The piston and cylinder of the synthesis chamber assembly was machined from PTFE, chosen to provide a good seal against the atmosphere and be resistant to chemical attack by the harsh reagents used during synthesis. A fixed force of 500 N, applied to the synthesis chamber assembly with a stepper motor-driven clamp, sealed the reaction chamber assembly against the electrode array before each experiment.
Synthesis chemistry
A modified DNA Synthesiser (ABI 394 DNA Synthesiser, ABI) delivered all reagents to the synthesis chamber assembly. Delivered volumes of freshly prepared electrolyte (25 mM hydroquinone and 25 mM benzoquinone with 25 mM tetrabutylammonium hexafluorophosphate in anhydrous acetonitrile), phosphoramidite solution (0.1 M with 0.5 M tetrazole activator solution; Cruachem), oxidizing solution (0.1 M iodine in 20% pyridine, 10% water and 70% tetrahydrofuran; Cruachem) and washing solvent (acetonitrile) were individually optimized to completely fill and rinse the reaction chamber cavity and allow sufficient time for complete chemical reaction. The piston was routinely separated 800 μm from the electrode during delivery of all reagents. For nucleotides added using conventional deblocking, 3% dichloroacetic acid in dichloromethane was used in place of the electrolyte solution.
The solid support used for synthesis was a glass chip derivatized with (3-glycidoxypropyl)-trimethoxysilane and a polyethylene glycol linker (27). An initial dimethoxytrityl (DMT)-protected dA residue was then added across the entire support surface to present a DMT group to the first deblocking step.
Preliminary experiments established that, holding all other variables constant, decreasing the voltage at the electrodes, shortening the current application time or increasing the separation between the electrode array and substrate decreased the quantity of acid reaching the substrate. In optimizing the acid exposure for all work described here, we fixed the voltage of the anodes at 1.33 V with respect to the cathodes and maintained a separation distance of 40 μm, while varying only current application time (ranging from 0.5 to 90 s).
Hybridization to synthesized probes
Probes were deprotected according to the method of Polushin et al. (28) by immersing the entire substrate in a 50% aminoethanol, 50% ethanol solution for 25 min at 60°C. Hybridization targets were 5' labelled with Cy5 (Amersham) and purified by high-pressure liquid chromatography (HPLC). Hybridization reactions were carried out at 25°C in solutions (5 μl) containing 50 pmol/μl target, 0.1% w/v ficoll, 0.1% w/v polyvinylpyrrolidone, 0.1% BSA pentax fraction V, 20 mM Tris–HCl, 50 mM KCl, 10 mM MgCl2 and 1 mM EDTA, in distilled water, (pH 8.3) by introducing the solution between a glass coverslip and the substrate. A brief room temperature wash in hybridization buffer was used to remove any non-specific interactions without significant dissociation of the target.

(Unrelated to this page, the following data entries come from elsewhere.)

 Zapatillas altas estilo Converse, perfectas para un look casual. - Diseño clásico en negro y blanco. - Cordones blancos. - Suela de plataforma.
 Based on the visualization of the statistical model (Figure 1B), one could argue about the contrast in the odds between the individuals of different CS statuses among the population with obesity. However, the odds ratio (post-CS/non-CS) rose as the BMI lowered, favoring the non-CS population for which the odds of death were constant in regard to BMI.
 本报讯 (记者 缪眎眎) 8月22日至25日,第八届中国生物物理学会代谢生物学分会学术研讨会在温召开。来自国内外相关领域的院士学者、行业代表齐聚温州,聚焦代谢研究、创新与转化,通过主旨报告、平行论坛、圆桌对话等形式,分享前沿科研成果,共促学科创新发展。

Hybridization to the substrate was analysed by a Leica TCS NT confocal microscope with maximal pinhole aperture, in photon counting mode. As substrate alignment in the microscope focal plane is difficult to achieve, but important to measured readings, each signal was maximized by adjusting the microscope stage before measurement. Because the full range of hybridization signals exceeded the dynamic range of the microscope, each sample was observed with three or more photomultiplier tube (PMT) voltages to ensure measurement of the full signal range of each sample. Images from the confocal microscope were captured in a digital format and quantified using ‘The Image Processing Toolkit’ (Reindeer Software) in Adobe Photoshop 6.0.
RESULTS
Others have made arrays by attaching presynthesized nucleic acids to electrodes (29), and it is possible to make arrays by in situ synthesis on electrodes (30). In these systems, the array of electrodes becomes incorporated into the nucleic acid array. However, oligonucleotides synthesized directly on electrode surfaces may be subject to destructive electrolysis products, and there are advantages to using an electrode array as a printing tool so that one such tool can make many arrays. Our objective was to make a device similar to a printing tool, with addressable, individually controlled, electrodes, so that the same tool could make arrays with different sets of oligonucleotides.

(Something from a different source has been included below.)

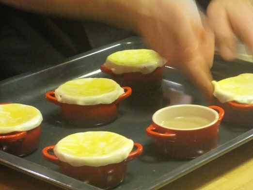 Disponer dentro de los ramequines o cocottes.

To evaluate this method of making microarrays, we addressed the following five areas:
manufacture of suitable, robust microelectrodes
development of a programmed power supply to deliver predetermined potential to each electrode independently for a preset duration with means to measure current at each electrode
construction of an automated reaction system, including a sealed chamber in which to carry out the electrochemistry and nucleotide coupling reactions
choice of electrolyte
optimization of reaction parameters.
The apparatus and its construction (summarized in Figure 1) will be described in detail elsewhere. The most important element of the apparatus is the array of metallic electrodes. These corrosion-resistant electrodes were linear, 40 μm wide, separated by 40 μm gaps, and fabricated by thin-film photolithography. The accompanying control circuitry allowed independent addressing and current measurement at each electrode. The electrodes were durable and used for over 500 cycles without mechanical or electrical deterioration (as determined by scanning electron microscopy and resistivity measurements). This paper is mainly concerned with the choice of reaction conditions to give the maximum oligonucleotide yield in well-defined microscopic areas on a glass or silicon support.
Figure 1 Apparatus used for electrochemical treatment and oligonucleotide synthesis. Synthesis is accomplished in a reaction chamber in which an array of electrodes directs acid deblocking to confined regions on a solid support, a glass chip. The surface of the electrode array is sealed against the end of a PTFE cylinder to create a cavity. The glass chip is mounted on the end of a PTFE piston positioned by a micrometer drive. During the electrochemical deblocking step, the chip is presented to the electrode array by moving the piston forward to a 40 μm gap. The piston is then moved back to widen the gap to 800 μm to allow the cavity to be flushed with solvent, electrolyte or solutions of reagents at the different stages of oligonucleotide synthesis, delivered from an ABI 394 DNA Synthesiser. A computer coordinates and controls the overall process: delivery of reagents from the synthesizer and application, switching and measurement of current to the electrodes. Oligonucleotides of predetermined sequence can be made at any desired positions on the chip by appropriate programming of the electrochemical deblocking and nucleotide coupling steps.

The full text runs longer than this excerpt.